В.Г.Г.: Перед миром! Я разочаровалась в людях, понимаете? Я их ненавижу. Они меня бесят. Я люблю страну, в которой живу. Но я не люблю этих людей, всю эту псевдосраную интеллигенцию. Которая сидит, блядь, говорит о демократии, а им показываешь, блядь, демократичный сериал на «Первом канале», как они хотели, и эти же самые люди начинают кричать: запретить, расстрелять! Это, блядь, демократия? Пошли они все. Им только, блядь, загнобить кого-то. Злые, как собаки. Мужики взрослые, блядь, называют меня «чмо с пирсингом». Мужики – девочку двадцатилетнюю! Обсуждать ее внешность? Позор! Я не хочу просто слышать это. Вы видели, что они пишут в блогах, эти либералы, демократы? Что Гришковец пишет, видели?

С Вот еще один ваш враг.

В.Г.Г.: Это гуманизм у них называется? С кем они хуями меряются?! У меня нет хуя. Стыдно. И как после этого испытывать чувство любви к людям? Они говорят, что мои герои – быдло. А когда я говорю, что я люблю своих героев, что мои герои – это я, они говорят: ну и ты, значит, тоже быдло! Они хуже моих героев в миллиарды раз. Они выставляют мои фотографии в своих блогах и говорят: смотрите, какая уродина. Я хочу всех собрать и сжечь. Этим людям бесполезно рассказывать о детях, об их первой любви. Им вообще что-либо бесполезно говорить. Или я прихожу в кафе с собакой, а мне какие-то люди говорят, что у меня собака уродливая. А если бы я сказала: у вас такая подружка уродливая и пальто у вас дерьмовое? Понимаете? Я с этим живу вообще. Это моя жизнь.

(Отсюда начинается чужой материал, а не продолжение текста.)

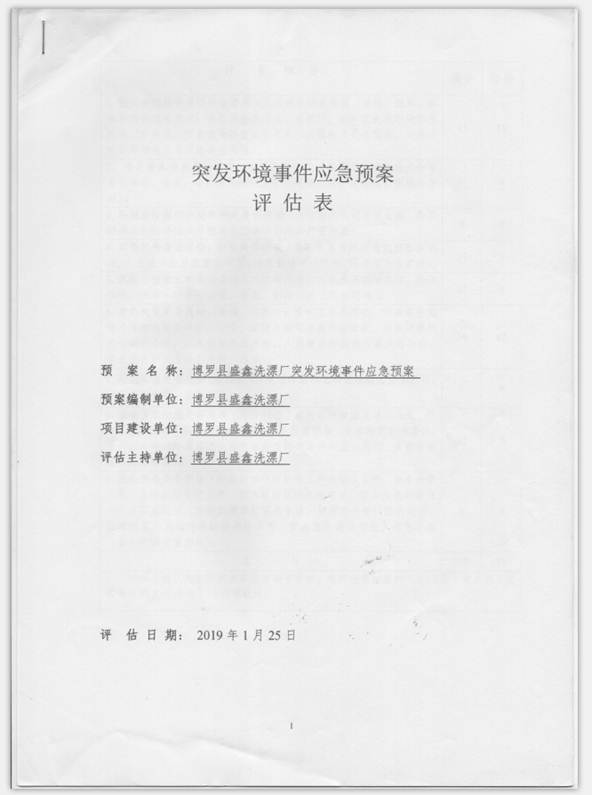 已制訂《博羅縣盛鑫洗漂廠環(huán)境風險評估報告》,并于2019年1月25日上報博羅縣環(huán)境保護局備案;

С Вы себя с кем-нибудь сравниваете в этой ситуации?

В.Г.Г.: Мэрилин Мэнсон спел Everything turns to shit, а люди друг друга в школе расстреляли. Вину на Мэнсона свалили, а он сказал, что это общество виновато. Он тоже козел отпущения. Тоже шут гороховый. Но это нас никто не знает, мы никому не всрались – копаемся тут в болоте маленьком. В общем, дело дрянь.

 

Фото: Владимир Ушаков
Фото: Владимир Ушаков

 

С Как же дрянь, если вот же вам звонят все без перерыва – хотят вас снимать, брать у вас интервью, приглашают играть в спектаклях, с какими-то продюсерами вы встречаетесь.

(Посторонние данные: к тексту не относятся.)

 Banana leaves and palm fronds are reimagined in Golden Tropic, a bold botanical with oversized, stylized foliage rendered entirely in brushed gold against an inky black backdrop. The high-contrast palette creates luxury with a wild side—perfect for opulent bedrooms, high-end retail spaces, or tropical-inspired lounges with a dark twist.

В.Г.Г.: Ага, звонят и хотят со мной дружить. Они мне никогда бы в жизни не позвонили, блядь! Вы со мной хотите встречаться, спрашиваю, потому что я «Школу» сняла? Нет, говорят, потому что вы человек интересный. А что, вы до этого не знали, что я человек интересный?! Я вам до этого кричала: «Здрасьте!», а вы со мной не здоровались… Где мой дяденька-охранник? Пожалуйста, дяденька, закройте дверь! Так хо-о-о-олодно. Я умира-а-а-а-аю… А может, я просто устала. Я ни о чем говорить не хочу, кроме как о моей кровати, моей подушечке и одеяльце моем. И чтобы Моня, собака моя, рядом спала. Я не могу сейчас адекватно воспринимать людей, понимаете? Нет, никто этого не понимает. Я фотографируюсь до пяти утра, готова и дальше – я со своего рабочего места не ухожу, пока работа не закончена. А мне говорят: давайте заканчивать, нам в семь утра вставать.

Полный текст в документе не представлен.